Grid Researchers Heed the Need for Speed
High-performance computing with adapted algorithm makes grid tool twice as fast
The nation's complex power grid requires speedy, informed decision-making, both for day-to-day operations and longer-term planning.
In a recent project, Pacific Northwest National Laboratory researchers, in concert with counterparts at General Electric and Southern California Edison, developed and applied high-performance computing (HPC) techniques to increase the speed of GE’s Positive Sequence Load Flow (PSLF) dynamic simulation tool by nearly 200 percent. The improvements move PSLF closer to real-time simulations, which enhance the ability to predict grid operations. The two-year effort was funded by the U.S. Department of Energy’s Office of Electricity Delivery and Energy Reliability.
Algorithm Adapted to Improve Tool
A longstanding grid industry resource, PSLF reflects more than three decades of development.
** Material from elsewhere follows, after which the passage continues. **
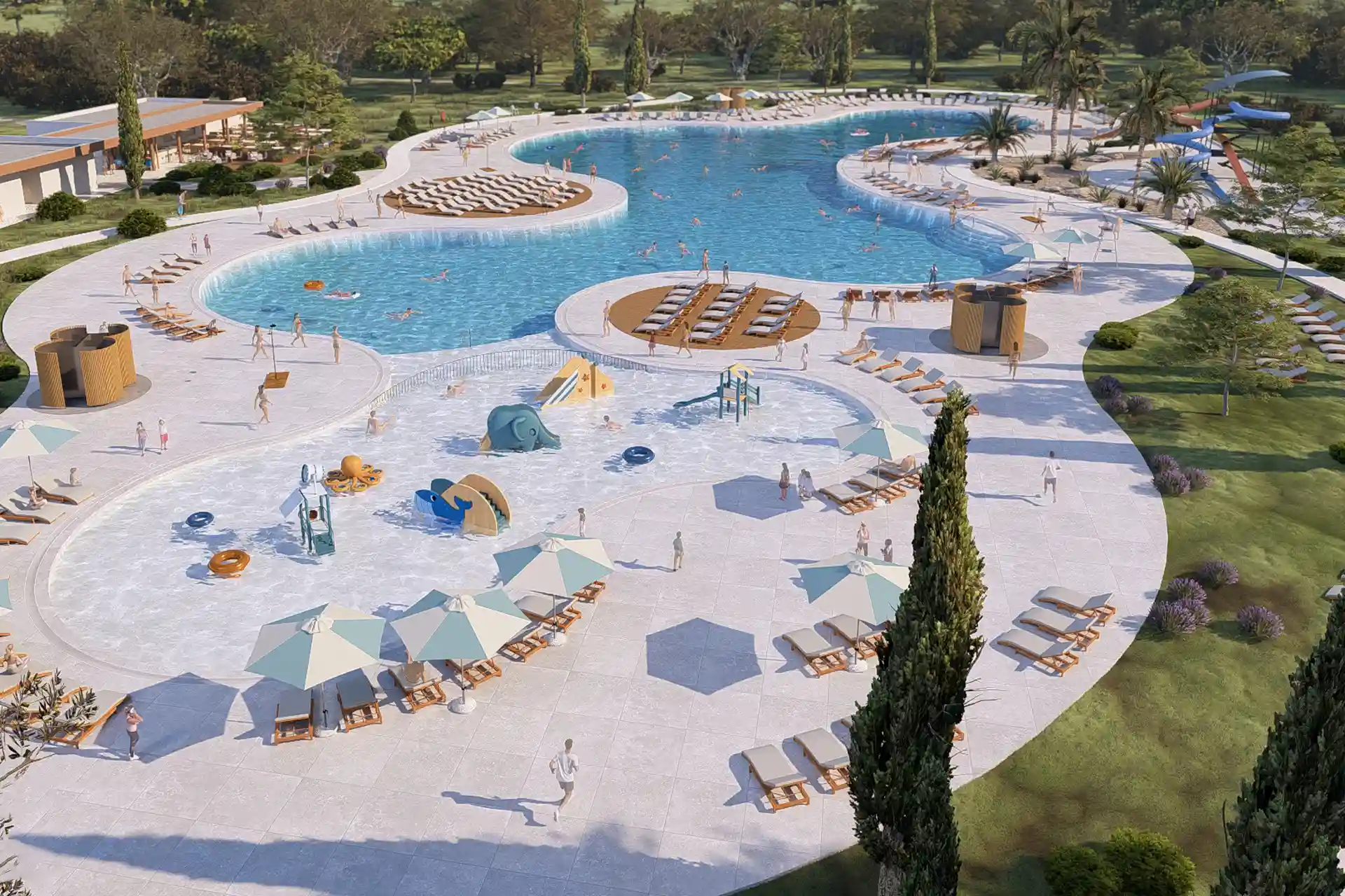 Bazenski kompleks od 2.500 m² uključuje dječji bazen od 300 m² sa šest uzbudljivih atrakcija i dva fantastična vodena tobogana

In addition to dynamic simulation, the tool performs power flow and contingency analyses. GE felt advanced computing capabilities, applied to the tool, could make PSLF faster, strengthening the impact of dynamic simulation, benefitting grid operations and planning and, ultimately, helping prevent blackouts and other failures.
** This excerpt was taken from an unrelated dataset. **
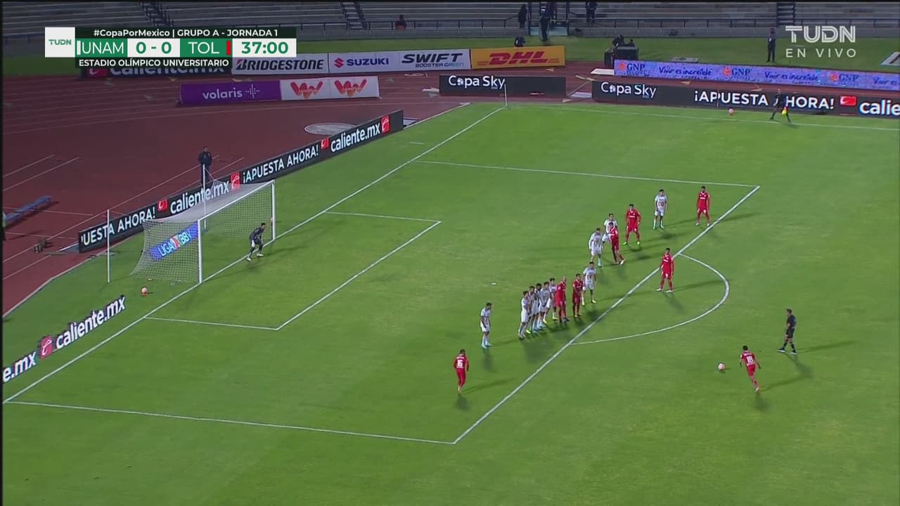 ¡Apenas arriba! Navarro cobra el tiro libre y se va encima del travesaño

A key PNNL contribution to the project involved identification of an algorithm—known as a fast linear solver—for incorporation into PSLF. After surveying industry, universities and other organizations to find and evaluate promising candidates, PNNL researchers identified one that seemed a good fit for PSLF, and helped GE adapt the solver to the tool. GE tested the enhanced PSLF product on its own workstations, and then remotely accessed a PNNL Institutional Computing resource, the BigMem computer, for further verification and validation.
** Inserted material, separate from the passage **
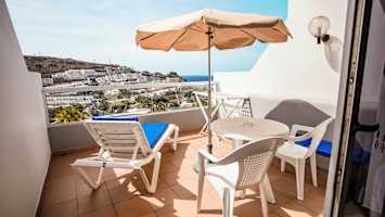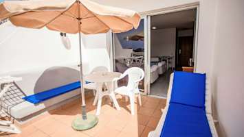 - Parveke (kaksi aurinkotuolia, yksi aurinkovarjo ja kiinteä, ei siirrettävä sohva)

The updated solver generously increased PSLF’s overall speed. “Testing demonstrated that the speedup was twice as fast using four computer processors, and subsequent evaluation has confirmed the increase,” says PNNL’s Ruisheng Diao, adding, “This kind of advance is important because it reduces the amount of time needed to determine the best solutions for addressing a range of grid challenges.”